**Recorded information:**
== Segment start ==
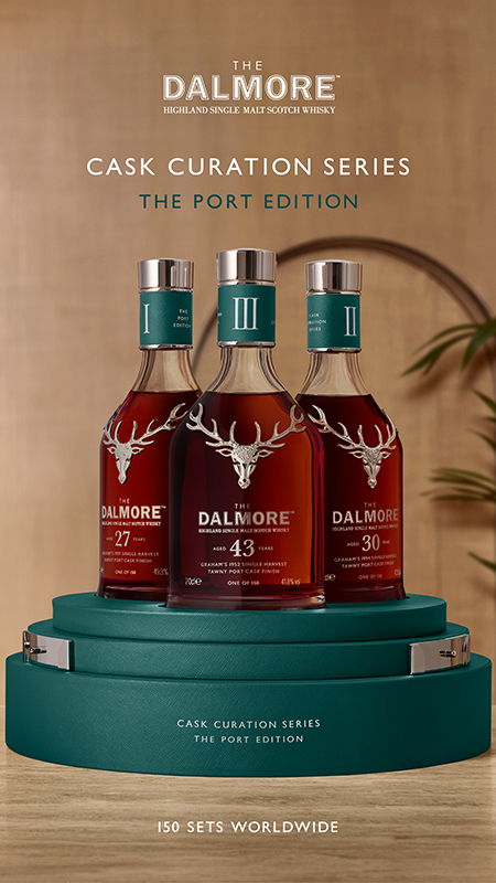 Die Dalmore Cask Curations Series feiert ihr Debüt im Hause Symington Family Estates – den Herstellern von Graham´s Port. Die Cask Curation Series – The Port Edition ist das zweite Kapitel in der Serie, die die Kunst der Whiskyherstellung bei The Dalmore feiert und die Rolle der erlesenen Fässer von den besten Winzern der Welt würdigt. Die neue Serie ist streng auf 150 Sets weltweit limitiert und auch für den deutschen Markt gibt es lediglich ein Set von diesem exklusiven Trio.
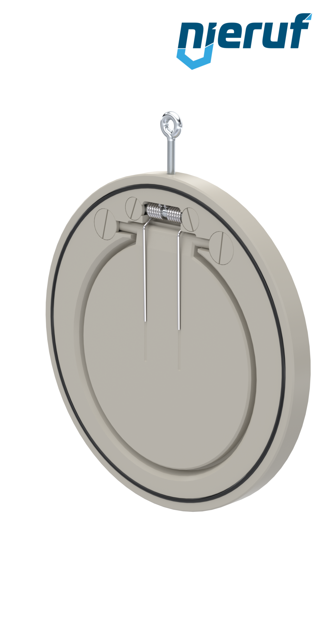 swing check valve with spring DN250 PN 10/16 DIN EN 1092-1 Form B plastic PP-H seal EPDM for liquid and gaseous media
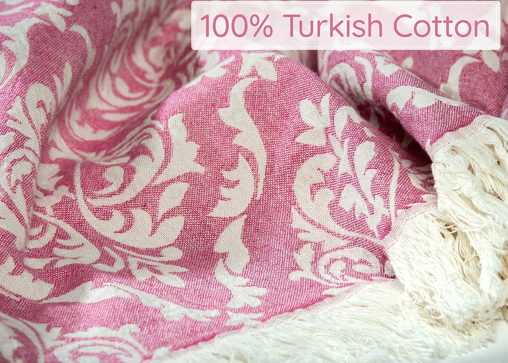 Turkish Beach Towel (35”x67”) – 100% Cotton, Quick Dry, Lightweight, Soft Oversized Beach Towel for Travel & Pool – Renaissance Fuchsia Color
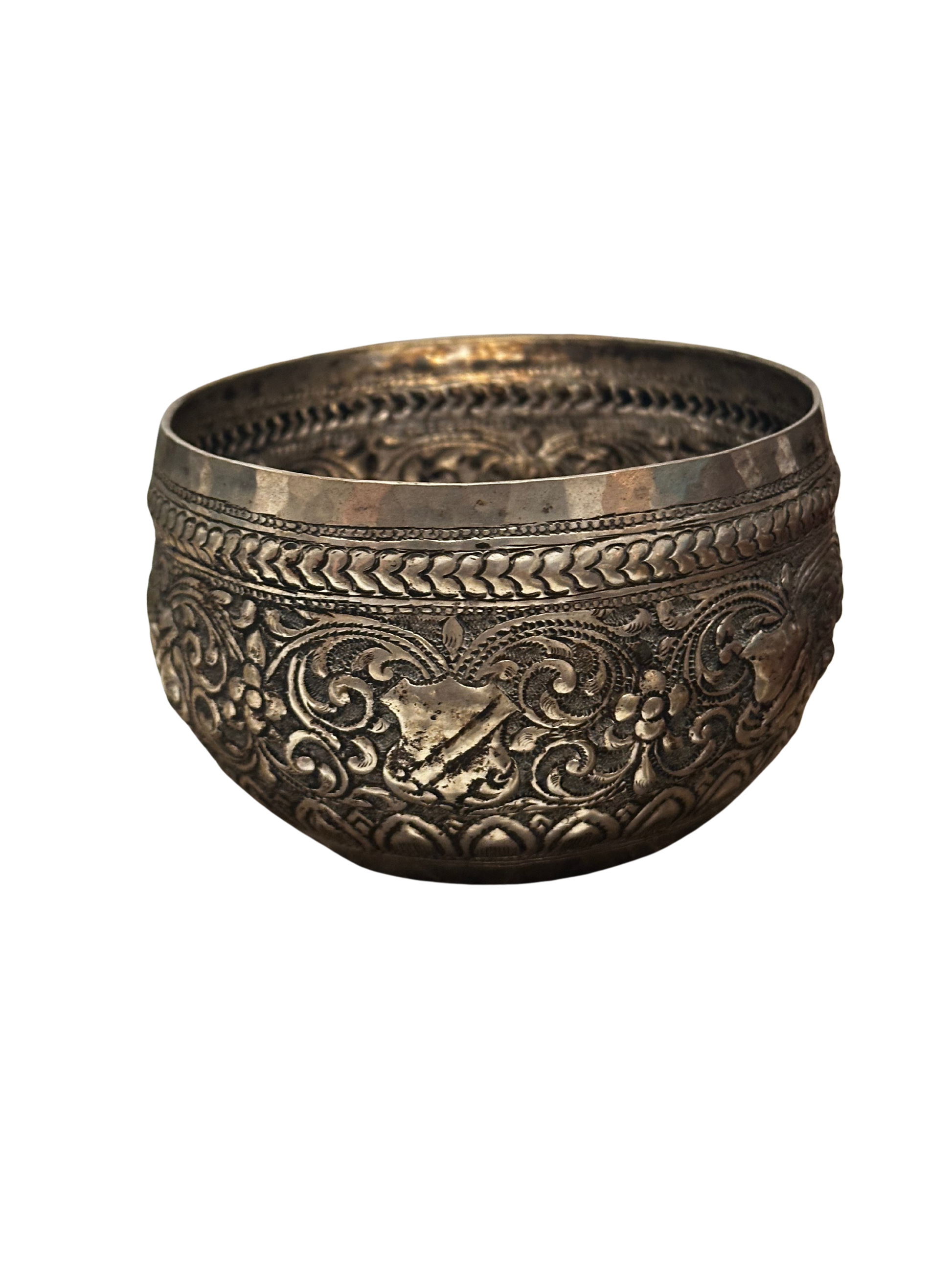 Vintage/Antique repousse silver (likely SE Asian - Burmese or Thai) bowl
== Segment end ==
Nothing but the lines from the one containing "Turkish Beach Towel" through the end of the listing should be written out, each exactly, and pictures must be left out.

 Turkish Beach Towel (35”x67”) – 100% Cotton, Quick Dry, Lightweight, Soft Oversized Beach Towel for Travel & Pool – Renaissance Fuchsia Color
 Vintage/Antique repousse silver (likely SE Asian - Burmese or Thai) bowl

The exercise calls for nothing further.